Your Personal Inflation Rate

If you like, you can fine-tune the process even more, Graves says. Instead of basing your saving rate adjustment on a general, national inflation rate, base it on your personal inflation rate.

Do that by figuring out how much your household spending has actually climbed recently — if it has at all.

Do that by making detailed yearly budgets. You've probably already got the information you need in your yearly tax organizers or worksheets. "You can use online calculators for personal rate of inflation," Graves said.

Websites for Investor's Business Daily sister publications Barron's and the Wall Street Journal are two of many that offer online calculators.

Looking for strategies to save enough for a comfortable retirement? This other IBD report has your back.

Boost Your Retirement Savings

So, boosting the amount of money that you save every year is a key to offsetting inflation. One way you can increase your retirement savings contributions is by taking advantage of catch-up contributions, if you're eligible, Evan Potash, a wealth management advisor with financial services titan TIAA, reminds workers.
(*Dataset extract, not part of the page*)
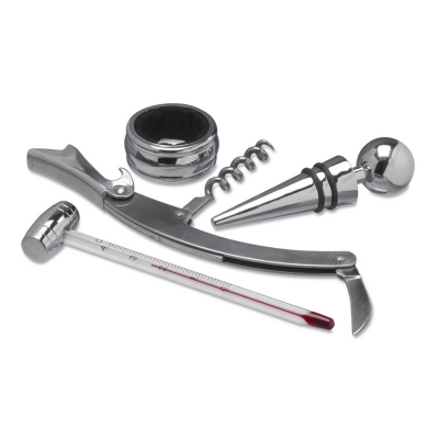 Wine set 4 pcs in box, wine accessories: waiter's knife, ring, wine stopper, thermometer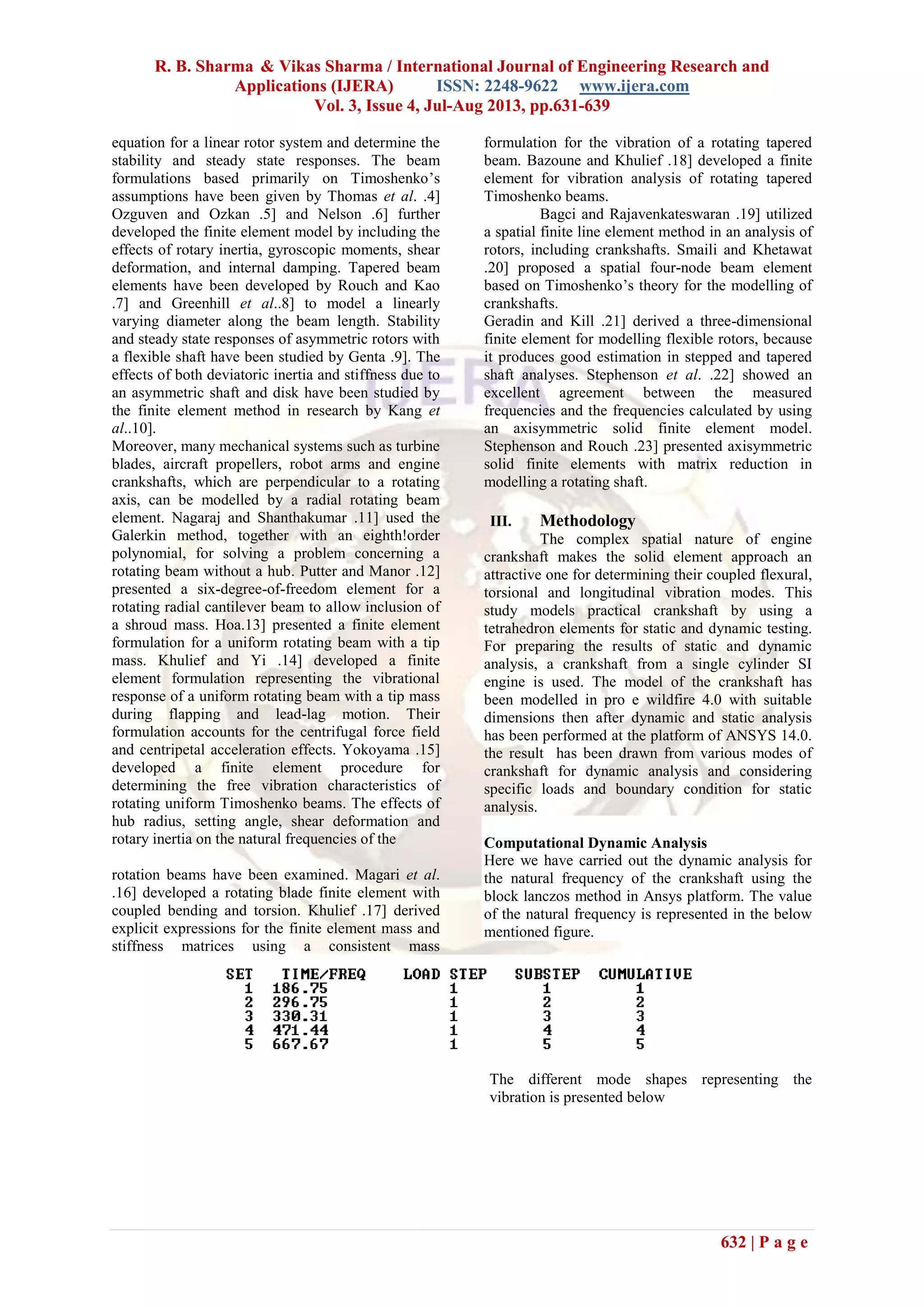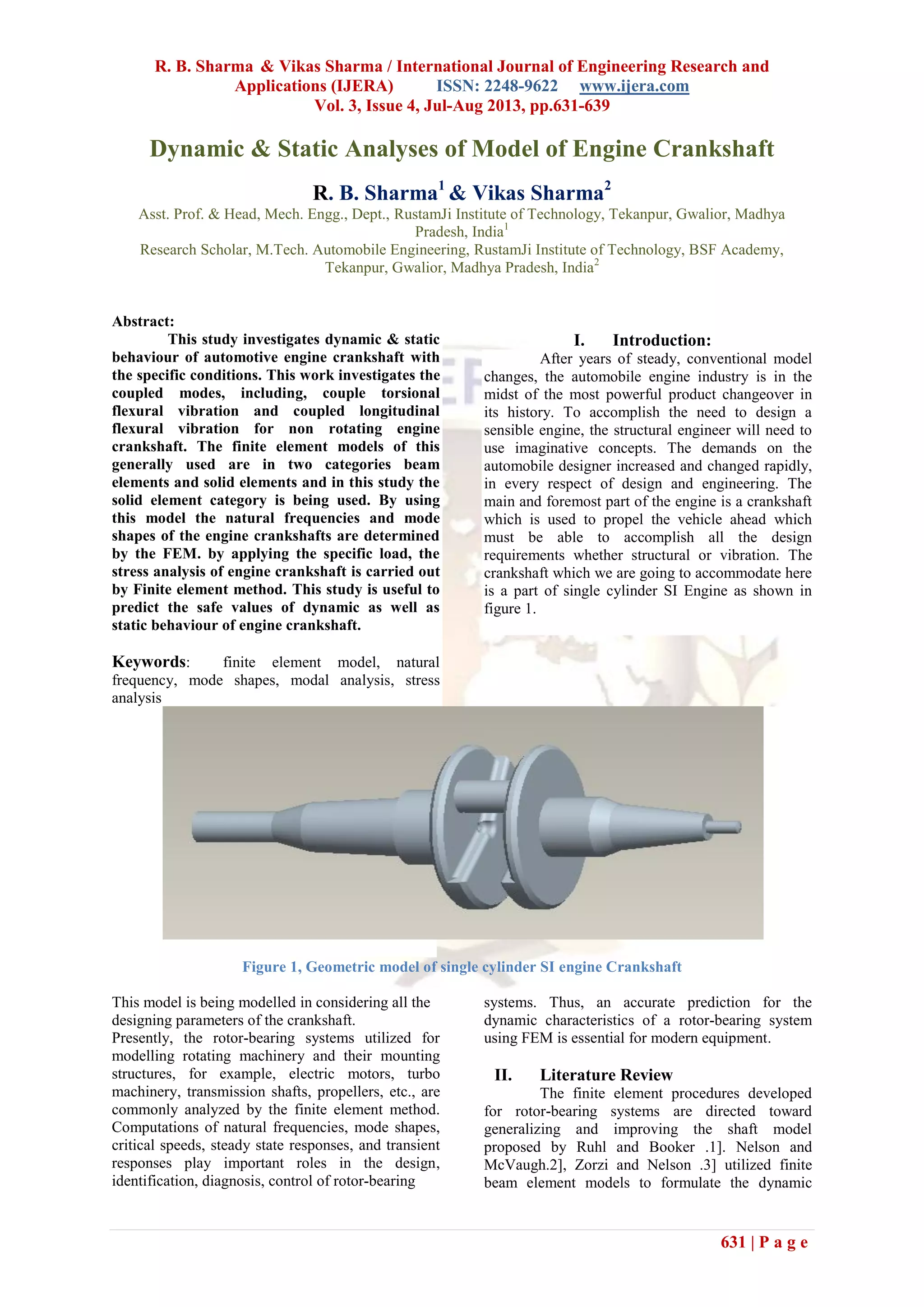 This study examines the dynamic and static behavior of automotive engine crankshafts using finite element analysis, focusing on coupled modes of vibration and stress analysis under specific loading conditions. The results indicate that the natural frequencies of the crankshaft range from 186.75 Hz to 667.67 Hz, while the static analysis reveals safe deformation and stress values, confirming the model's structural integrity. The findings provide crucial insights into the design and safety parameters for engine crankshafts.

Catch-up contributions are higher annual contribution limits for people age 50 and older.

Annual catch-up contribution caps for 401(k) plans are $7,500. That's in addition to the $22,500 basic contribution limit. IRA contribution caps are $6.500, plus $1,000 for catch-up contributions.

Boosting the amount of money you save every year isn't the only way to offset inflation. Experts recommend these steps too:

  • Invest more aggressively. That generally means investing more in stocks and stock funds. "Their returns have generally stayed ahead of inflation in the long term," said Jill Gonzalez, analyst for WalletHub.com, a personal finance website.
  • Delay the start of Social Security benefits. Generally, the longer you wait after age 62, when you're first eligible to begin, and age 70, when benefits peak based on age alone, the higher your monthly benefit, says Sophie Raseman, head of financial solutions at employee financial care company Brightside.